Вуаль морозного воздуха вплотную прикоснулась к ее телу, покрывая уже привыкшую к мурашкам кожу, новым слоем холода. Плевать, она будет спать так, абсолютно голой. Она всё равно не сможет заснуть, как ни будет стараться. Она знала слишком настойчиво и точно, что всю ночь будет анализировать этот сумасшедше-удушливый день со всеми этими масками-лицами.
Ощущая холод под ногами, она прошла, подрагивая всем телом при каждом новом шаге, к кровати. И не спрашивая никого, не думая ни о чем, просто утонула в ней, ощутив каждым атомом своего тела складки-ножи, которые распарывали ее живот своим холодом пропитавшегося ночным воздухом атласа.
Ее внутренности упали наружу сквозь разделенные грани плоского живота. Она чувствовала, как из нее выходит желудок, кишечник, почки, селезенка. С противным звуком, с тянущим, неприятным чувством. Что-то отрывало все внутренне органы от стенок ее мяса.
Или это просто ее фантазия, глупые желания, приукрашенная реальность.
Она бы хотела сейчас разбить эту немую ночь хрустальным звуком бьющегося, как стекло, звука. Она бы хотела утонуть в этой постели, но она лишь тихо дышала, приоткрывая рот и выдыхая холодный пар в густую консистенцию ночи. Она лежала на животе, беспомощно опустив руку на пол, касаясь кончиками изящно-длинных пальцев пола. Она была трупом. Лежала, почти не дыша и не шевелясь, и даже холод, бродящей по глади ее спины, уже более не трогал ее и не пробуждал никаких ощущений моральных и физических. Ее голова была повернула к окну, и она неотрывно следила за луной, будто прикованная, привязанная, словно марионетка, про которую все забыли.
Она ничего не чувствовала. Ни одной их своих граней гангреной души. Ничего.
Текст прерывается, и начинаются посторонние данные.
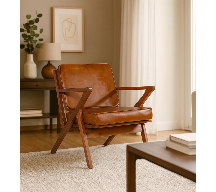 Kožené křeslo Angeluo váš okouzlí svým jedinečným rámem, který spojuje geometrické tvary s krásou přírodního dřeva. Oceníte také odnímatelné polštáře, které vám usnadní údržbu nábytku.

Да и что еще чувствовать и ощущать? О чем еще думать. Ее новая жизнь была так опустошающе враждебна. Она иссушала внутренности, она сухим ветром пустыни врывалась в ее нутро и стирала оттуда все.
Она просто устала, потому что после сегодняшнего дня ничего не осталось, кроме одиночества, боль которого она уже перестала ощущать, потому что она слишком притупилась, а ее мясо затвердело.
Под ее животом гас первый день ее жизни. Он исторг из себя еще одну ночь ее смерти.
Да. Ночью она всегда была мертва.
Она почти не спала.
В ней так больно и безумно сливались грани пустоты.
Ничего не было.
Кроме боли ее плоти, которую она не чувствовала. Лишь неприятное покалывание и физический стон на поверхности всей кожи.
Ее море затихло, оно больше не было живым, и истошные крики его волн больше не исторгались наружу вместе с внутренностями.
Просто в ней уже ничего не было, потому что она была абсолютно одна. Абсолютно неприкрытая и голая в своей порочности и греховности.
Она не хотела видеть себя такой. И потому умирала. Решила вновь умирать каждую ночь. В тишине своей новой комнаты. В смраде своей новой жизни.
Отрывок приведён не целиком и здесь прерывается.